To complement the commitment to low-cost insurance, GEICO stressed customer service. For instance, in 1941, after a hailstorm damaged cars across town, Goodwin arranged with local shops to work overtime on repairs and got suppliers to expedite shipping of roof tops and window glass.3 GEICO customers appreciated getting their cars back in service before neighbors insured with competitors.4
Goodwin’s business model was simple: low-cost insurance, sold without agents, to targeted risk pools that were given quality customer service. First-year results were promising: 3,754 policies written, $103,700 in premiums, and a staff of twelve.5 Underwriting results (the difference between premiums written and policy claims paid) were negative early on but soon swung to a small underwriting profit. Despite the adversity of the Great Depression and the displacement of World War II, the “thrifty” business model was vindicated as GEICO grew steadily in policies, premiums, and profits.
In 1948, Rhea’s family sold its stake in GEICO to several private investors. Helping the Goodwins to locate these new investors was their friend, banker and GEICO senior officer Lorimer (“Davy”) Davidson. Among others, Davidson placed a large block of stock with Graham-Newman, whose named partner, Benjamin Graham, became GEICO’s chairman.
Graham-Newman’s GEICO position represented a large portion of the firm’s assets. The investment concentration departed from Graham’s usual preference to diversify. But then, federal authorities ruled that an investment company such as Graham-Newman could not own such a large stake in an insurance company.

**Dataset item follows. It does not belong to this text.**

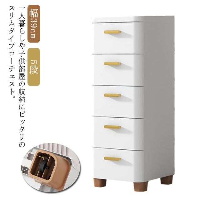 チェスト 収納ケース タンス 幅39 5段 リビングチェスト スリム 子供服 衣装ケース 収納ボックス 引き出し 一人暮らし 洗面所 隙間収納 押入れ収納 衣類収納 ほこりの入りにくい壁タイプ クローゼット 寝室 隠す収納 キッチンストッカー ワゴン プラスチック 組立品

So the firm distributed its GECIO shares to its partners to hold directly. At that point, the shares were held by so many people that federal law required them to be registered with the Securities and Exchange Commission, which made GEICO a public company.6
A few years later, Buffett was enrolled in Graham’s investment class at Columbia Business School, located on the university’s main campus in the Morningside Heights neighborhood of Manhattan. Graham’s biography listed his position as chairman of GEICO, a company Buffett had never heard of in an industry he knew nothing about. Eager to learn more, Buffett decided to visit the company’s Washington headquarters.

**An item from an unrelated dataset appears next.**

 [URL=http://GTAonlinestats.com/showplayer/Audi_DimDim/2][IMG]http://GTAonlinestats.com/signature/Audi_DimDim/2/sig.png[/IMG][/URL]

On a cold Saturday in January 1951, Buffett boarded the 6:30 A.M. “Morning Congressional” train of the Pennsylvania Railroad from New York.7 Arriving in Washington four hours later, he found the GEICO building, then at 14th and L Streets Northwest, was closed.8 But the young Buffett caught the attention of a custodian, who indicated there was someone working on the top floor. It was Davidson. Buffett told Davidson he was Graham’s student, and Davidson went on to spend four hours explaining the company and the industry to Buffett.
Buffett’s key takeaway: “GEICO’s method of selling—direct marketing—gave it a wide cost advantage over competitors that sold through agents, a form of distribution so ingrained in the business of these insurers that it was impossible for them to give it up.”9 Inspired by his chat with Davidson, Buffett studied GEICO and the insurance industry carefully. He then wrote a report about GEICO for “The Security I Like Best” column in the Commercial and Financial Chronicle, a widely read trade publication.10 Putting his money where his writing was, Buffett bought 350 shares of GEICO stock during 1951 at a cost of $10,282, representing half his net worth. (The next year, Buffett sold his GEICO shares for $15,259. That taught a lesson about buy-and-hold: by 1995, that stake was worth more than $1 million.)
Throughout the 1950s, Leo Goodwin continued to build GEICO, emphasizing its goal to keep costs at an absolute minimum. However, the goal of low costs was not merely to increase profits. In fact, Goodwin insisted on passing along most of the savings to customers in the form of lower premiums. That, in turn, attracted more customers. Greater total premium volume and, ultimately, profit, resulted, as did deepening customer loyalty across a widening base.
By the end of the decade, GEICO had more than seven hundred thousand policies and wrote $65 million in premiums.11 Goodwin retired in 1958, handing the reins to Davidson, who sustained GEICO’s unique business model, continuing its tradition of thrift, increasing volume by keeping premiums low. By 1965, insurance premiums tallied $150 million and earnings doubled to $13 million.12
In the 1970s, after Davidson retired and the Goodwins passed away, the GEICO story took a different turn. Growth in premium volume became more important than cost management or underwriting quality, and policies were written or renewed with little regard to relevant information such as policyholder accident histories.13 In 1973, the company opened eligibility to all, regardless of employment, believing that technology and statistical modeling enabled screening more effectively than occupational groupings. Yet the company lacked the requisite computer systems to aggregate or analyze the data.14 Policies and premium volume soared.